Well after all the reports form last weekend we dicided to give the elbow a try and it eventually payed off for us. Hit the pass at first light and had baits in the water around 8:00. We had our first fish on soon after we started and to our disapointment it was a 4' shark. Then no more action for a while, so we change the spread up and picked up the pace a little. A short time later I look back and it looks like you droped a small car on the center rigger bait, but no fish drop the lure back and its game on and after a 40 minute battle a beast of a wahoo comes to the boat. Get baits back in the water and nothing for a while, so we decide to take a break from trolling and drop some jigs on some rocks we had found on a preveous trip. Pull up on the spot and in 4 drops of the old jig we had 3 good almaco jacks on ice and released a #45 AJ. Now we have a mess of jacks and are good and tired, so we put the spread back out and head north. A hour or so later we get our second strike of the day and it is on the center rigger agin. This fish is racing across the surface tearing the water up, dumping line at a unbeliveable rate and we are both thinking bill fish for sure, but after a short battle we have a nother nice wahoo. We clean up and put every thing back out and trolled till we got to 200' of water without another hit. Only seen 2 flying fish all day, both fish hit a blue/white black hole on the wayway back, and the water was a blue green. First fish was a personal best and measured 5' 10" with a 34" girth and the second fish measured 4' 5" with a 27"


----------



## Naby (Jan 18, 2009)

Nice report.

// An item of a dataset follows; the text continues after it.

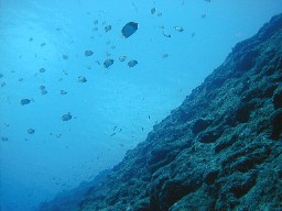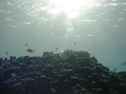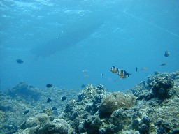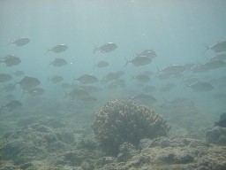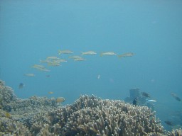 | 2本目は伊良部島にはまった 理由でもある 『中ノ島ビーチ』へ。 ビーチから潜行してすぐ。水深も3Mくらいかな。 いきなり目の前をカスミアジの群れが縦断! やっぱり『中ノ島ビーチ』はあなどれない・・・。 |
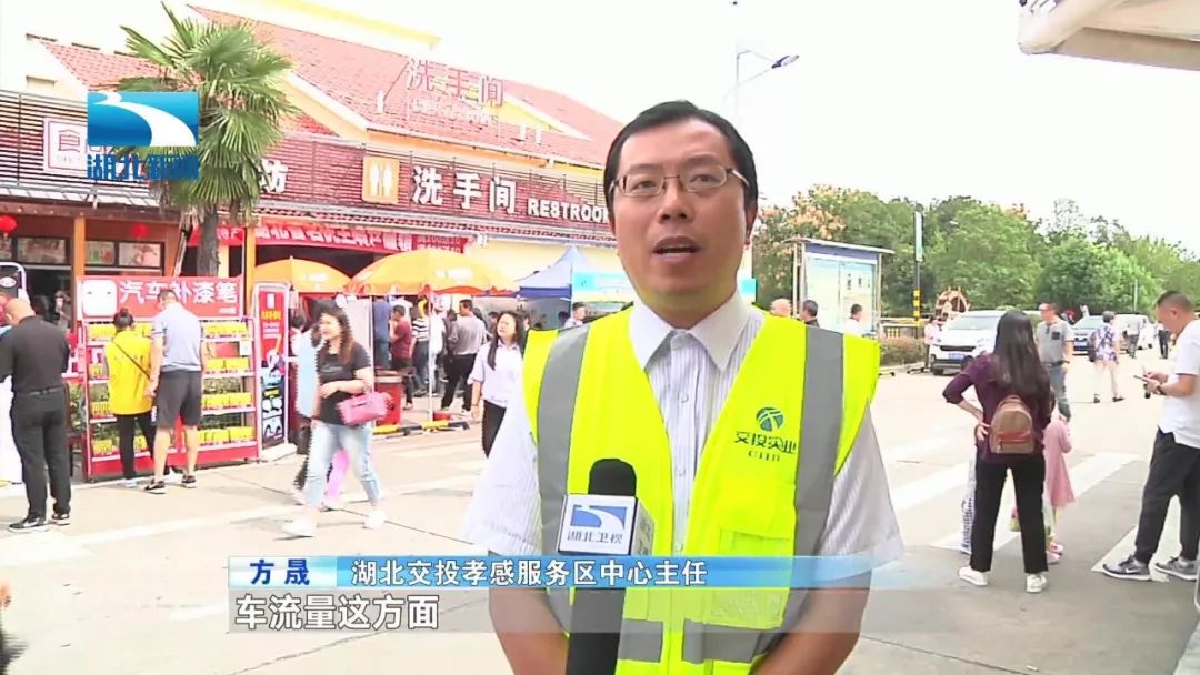 湖北交投孝感服务区中心主任 方晟:车流量这方面由平时的5000辆左右暴增到目前的2万辆左右,人员接近10万人。

I wasn't out as far you guys but I fished the edge this weekend and last. Last weekend we could walk on the flyers yet we didn't see any yesterday. Maybe the cold snap chased them off.


----------



## MrFish (Aug 21, 2009)

Nice hoos, congrats!!


----------



## cobe killer (Apr 13, 2008)

good job on the hoo's!!!!


----------



## Ultralite (Oct 1, 2007)

congratulations on the pb and those are nice hoo's...good report man...


----------



## GAHUNTER (Jan 30, 2008)

Talk about a great set of hooters! Nice. :thumbup:


----------



## Chris V (Oct 18, 2007)

Nice wahooooos there!


----------